The FDA approved ramucirumab (Cyramza) in combination with paclitaxel for treating patients with advanced gastric or gastroesophageal junction adenocarcinoma.
Single-agent ramucirumab was approved in April for gastric and gastroesophageal junction adenocarcinoma.
The US Food and Drug Administration (FDA) approved the monoclonal anti-VEGFR2 antibody ramucirumab (Cyramza) in combination with paclitaxel for the treatment of patients with advanced gastric or gastroesophageal junction (GEJ) adenocarcinoma. This follows an approval in April of this year for these malignancies that were refractory to or progressive following first-line treatment with platinum-based or fluoropyrimidine chemotherapy.
The new approval, which came out of an orphan drug designation by the FDA, is based on a large study of 655 patients with previously-treated advanced or metastatic gastric or GEJ adenocarcinoma. Patients received either the combination of ramucirumab and paclitaxel (330 patients) or placebo with paclitaxel (335 patients). The median overall survival was 9.6 months with ramucirumab and 7.4 months with placebo, yielding a hazard ratio (HR) of 0.81 (95% CI, 0.68-0.96; P = .017).
Progression-free survival was also significantly improved with ramucirumab. The HR for progression-free survival was 0.64 (95% CI, 0.54-0.75; P < .001).
Among 656 patients who received at least one dose of the study drug, the most frequent adverse events were fatigue/asthenia, neutropenia, diarrhea, and epistaxis. The most common serious adverse events with ramucirumab were neutropenia (3.7% of patients) and febrile neutropenia (2.4% of patients).

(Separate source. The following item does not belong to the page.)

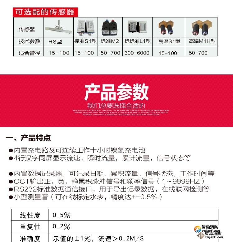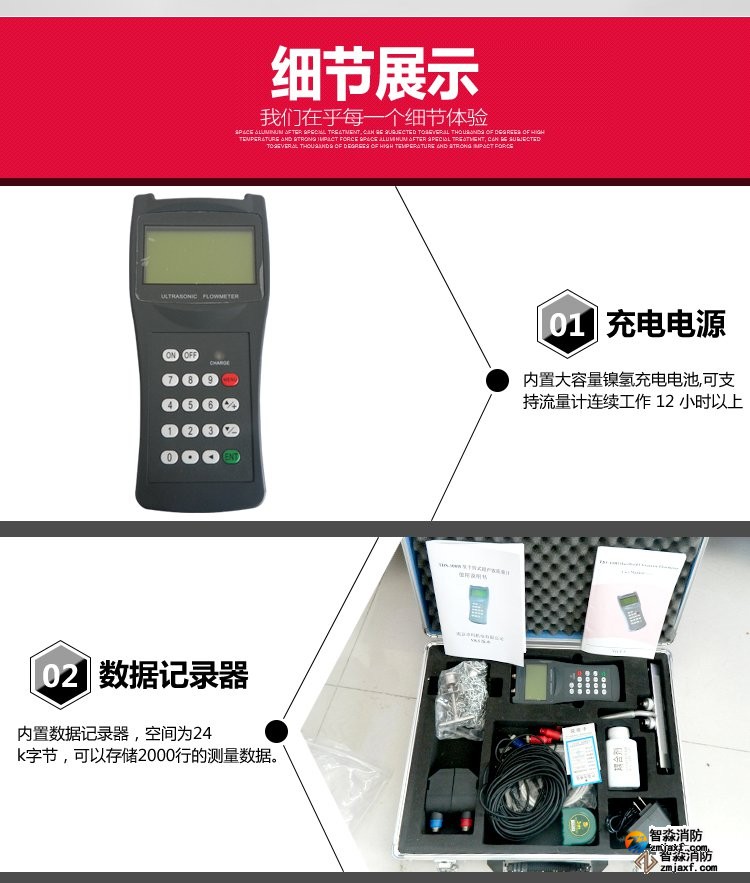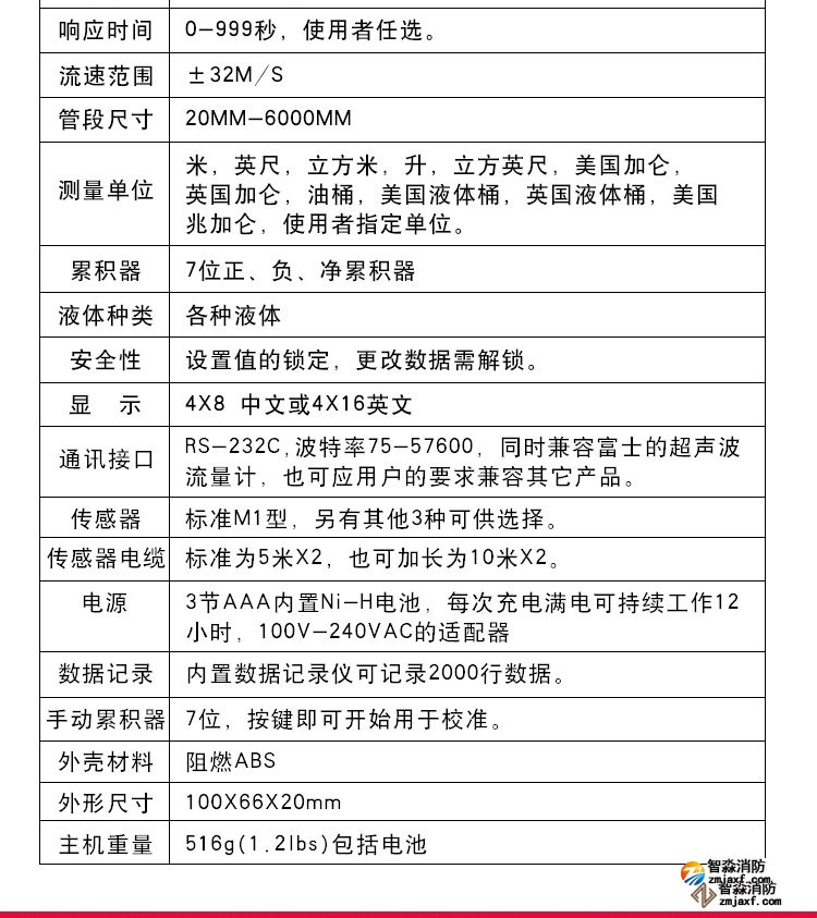 超聲波流量計(jì)測量管徑范圍:0mm~300mm;WWW.XFJCYQ.COM精度:±1%用于檢測消火栓系統(tǒng)和水噴淋系統(tǒng)的給水量以及消防豎管的流量分配。

These results were initially presented at the 2014 American Society of Clinical Oncology Gastrointestinal Cancers Symposium in January. At the time, the lead author Hansjochen Wilke, MD, of the Kliniken Essen-Mitte in Germany said the 2-month improvement in overall survival was “an astonishingly good result in such a challenging patient population. The result was statistically significant and also clinically meaningful.”

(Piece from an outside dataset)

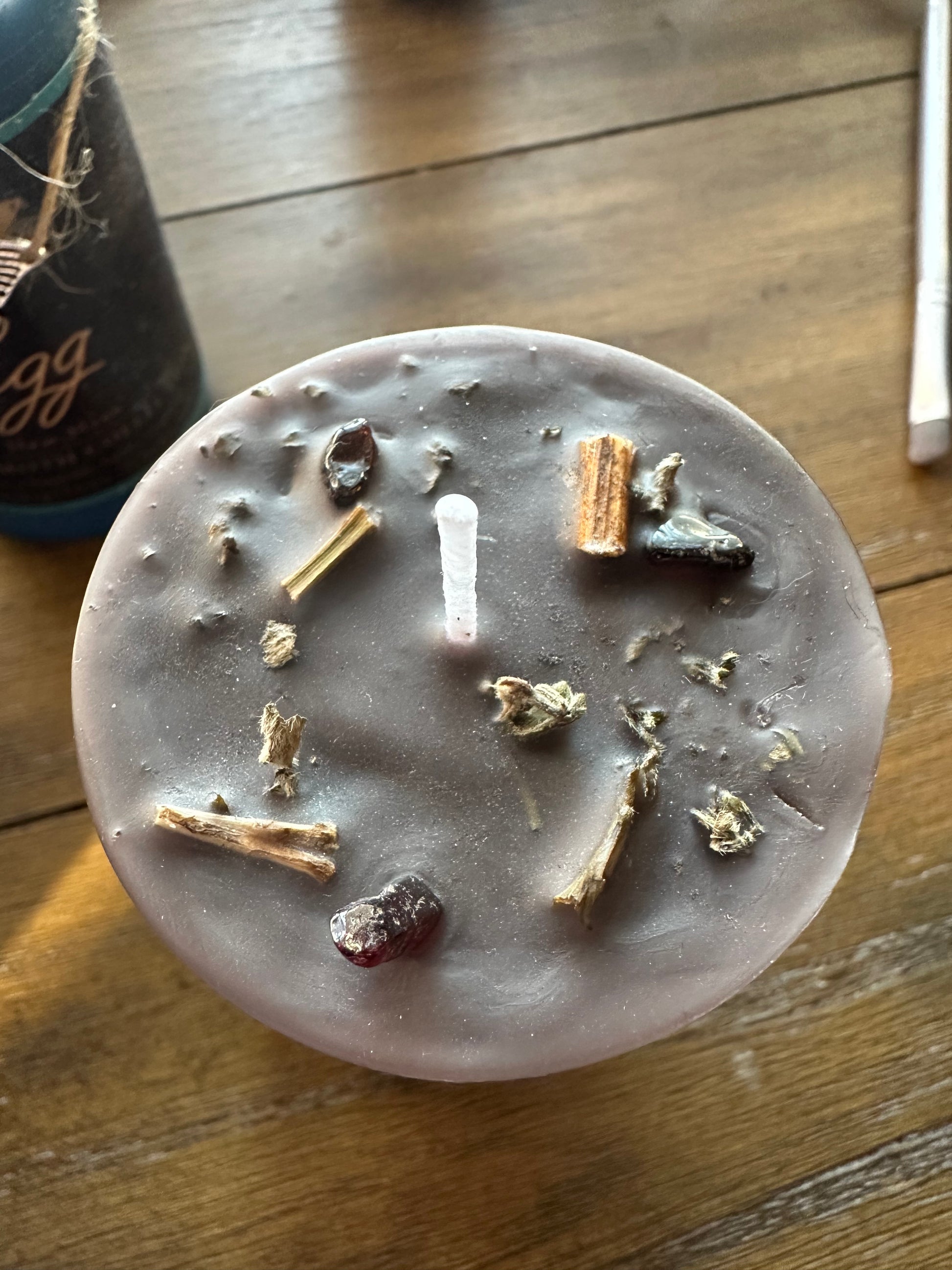 - Censing: gently waft the candle's smoke/scent toward the sigil three times, saying: "Unmake what is false. Keep what is mine."

Ramucirumab hasn’t been completely successful in treating these malignancies, however. The combination drug seems to make an important difference, as results presented at the 2014 ASCO Annual Meeting showed: adding ramucirumab to the FOLFOX regimen did not delay progression among patients with untreated advanced gastric or esophageal adenocarcinoma. The drug did provide a longer progression-free survival and improved disease control rate in certain patients, however.
Ramucirumab, an angiogenesis inhibitor, in combination with other agents such as docetaxel has also shown promise in other malignancies including non–small-cell lung cancer. It is currently under investigation in other cancers including advanced liver cancer and other solid tumors.